NHS England’s chief commercial officer Jacqui Rock (pictured) announced the review in a letter to integrated care system procurement leads – making good on a commitment made when the central commercial function was launched in July 2022.
The letter highlights that there are more than 1,200 frameworks used in the NHS. Frameworks help NHS bodies to buy goods and services from a list of pre-approved suppliers, with agreed terms and conditions and legal protections. They are typically divided up into product or service types, covering everything from x-ray machines to gloves or Microsoft licences. There are more than 400 frameworks in the estates category alone.
‘This number means there are variations in cost, product and quality, which makes it hard for the NHS to decipher which frameworks offer best value for money,’ the letter said. ‘This has a direct impact on you and your teams whose time and resource are spent identifying the best route to market.’
The review aims to ‘simplify routes to market for NHS buyers by reducing and consolidating the number of frameworks’. However the letter also claimed there would be benefits for businesses, which will be able to ‘get their products to the frontline at speed and scale, supporting jobs and economic growth across the country’
‘The NHS is already one of the most efficient health services in the world, spending a far lower proportion on admin costs than other comparable countries,’ Ms Rock said. ‘We want to ensure every penny of taxpayers’ money is spent wisely and that is why we are going a step further – the NHS is cutting red tape and simplifying processes, not only so products can get to local services quicker but also at a cheaper cost to the public.’

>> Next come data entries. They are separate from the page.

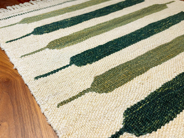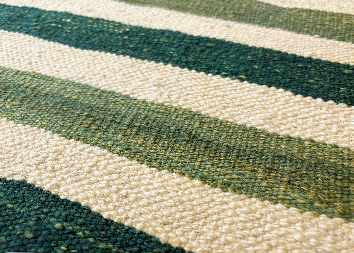 特にウールの糸は、現在では大変珍しい木のコマを用いた素朴な手紡ぎで、文様部分の緑色は草木染めされています。
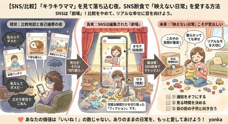 SNSに振り回されず、自分らしい育児を取り戻すためのヒントをお届けします。
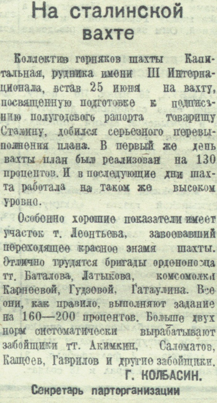 Коллектив горняков шахты Капитальная, рудника имени III Интернационала, встав 25 июня на вахту, посвященную подготовке к подписанию полугодового рапорта товарищу Сталину, добился серьезного перевыполнения плана. В первый же день вахты план был реализован на 130 процентов. И в последующие дни шахта работала на таком же высоком уровне.
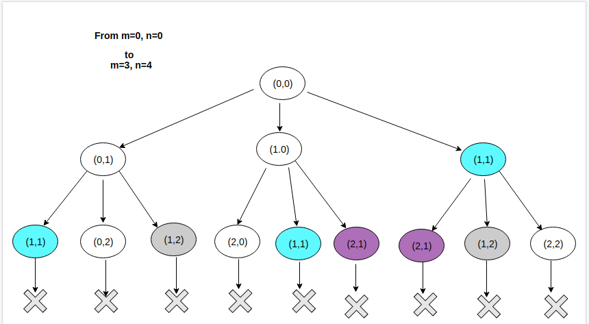 The above tree is for the source S(0,0) and the Destination D(2,3). We can easily see there are various cells for which the cost C is being calculated many times. In order to avoid this redundancy of calculations, we can use some extra memory for storing the result and retrieving it later in O(1) time. This is how we will try improving the efficiency of the above problem.
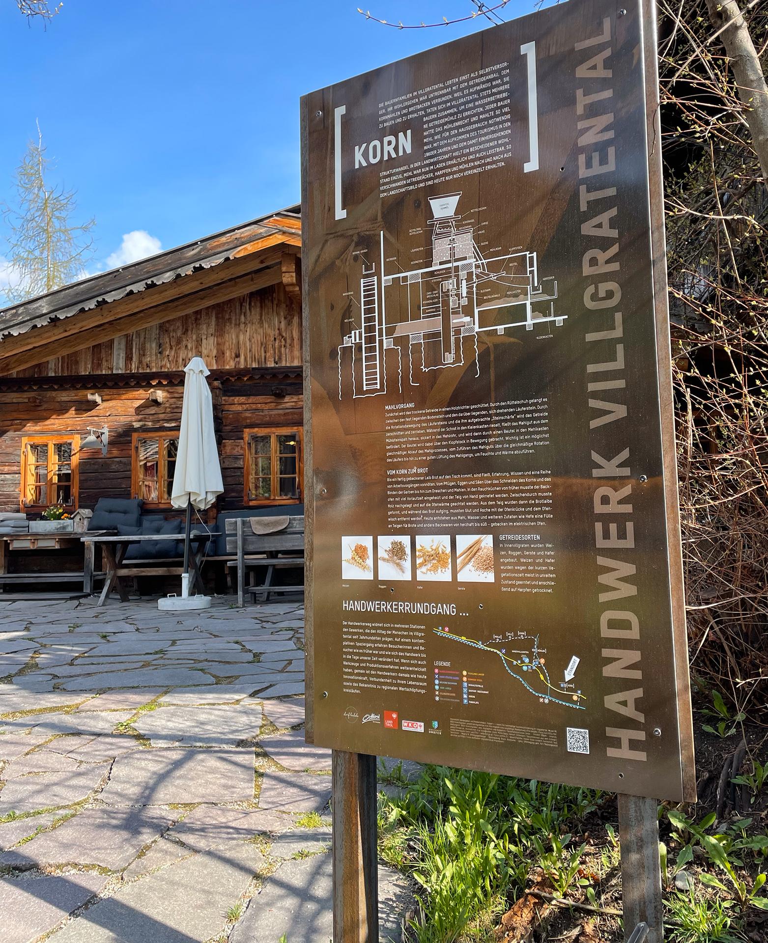 Der Handwerkerrundgang in Innervillgraten widmet sich in mehreren Stationen den Gewerken, die den Alltag der Menschen im Villgratental seit Jahrhunderten prägten. Auf einem Spaziergang durch das Dorf erfahren Besucherinnen und Besucher auf Schautafeln und direkt bei den Handwerksbetrieben wie es früher war und wie sich das Handwerk bis in die Tage unserer Zeit verändert hat. Gestartet wird im dorf.ladele im Ortszentrum wo Handwerks- und Genussprodukte aus der Region erhältlich sind. Dort findet man auch die gratis Wanderkarte und Informationen zu den Handwerksbetrieben. Das dorf.ladele ist als Multifunktionsraum konzipiert und wirkt wie ein Vergrößerungsglas auf das Villgratental: Hier finden auch kleine Veranstaltungen, Lesungen und Degustationen statt. Der Weg verschafft einen spannenden Einblick in das, was das Villgratental ausmacht: Tradition, Innovation und Kooperation.

She added that the moves would save up to £100million for reinvestment in frontline services. NHS England later confirmed these savings would be gained over a three-year period.
Having too many frameworks means it can be confusing for NHS bodies to work out which deals offer the best value for money. There are also charges to suppliers to be on a framework, which will inevitably feed into overall product prices. The savings are expected to come from:
- the NHS leveraging its buying power and national pricing
- reductions in inefficiencies for buyers and standardised processes
- reductions in the cost of goods and services through increased supplier competition.

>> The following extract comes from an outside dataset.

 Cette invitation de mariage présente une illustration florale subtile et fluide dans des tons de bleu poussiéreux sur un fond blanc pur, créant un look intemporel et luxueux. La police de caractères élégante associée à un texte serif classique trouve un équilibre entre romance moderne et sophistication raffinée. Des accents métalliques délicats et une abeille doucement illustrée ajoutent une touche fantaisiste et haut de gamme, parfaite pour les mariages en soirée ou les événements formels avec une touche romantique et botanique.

Launching the CCU last year, Ms Rock said the lack of a centrally-driven NHS commercial strategy had resulted in ‘unwarranted variation in commercial arrangements with suppliers, and missed opportunities to drive additional value, leverage scale and harness collective buying power’. She said that it ‘does not make any commercial sense’ that the NHS had so many strategic suppliers, highlighting examples where there were more than 100 contracts for the same product.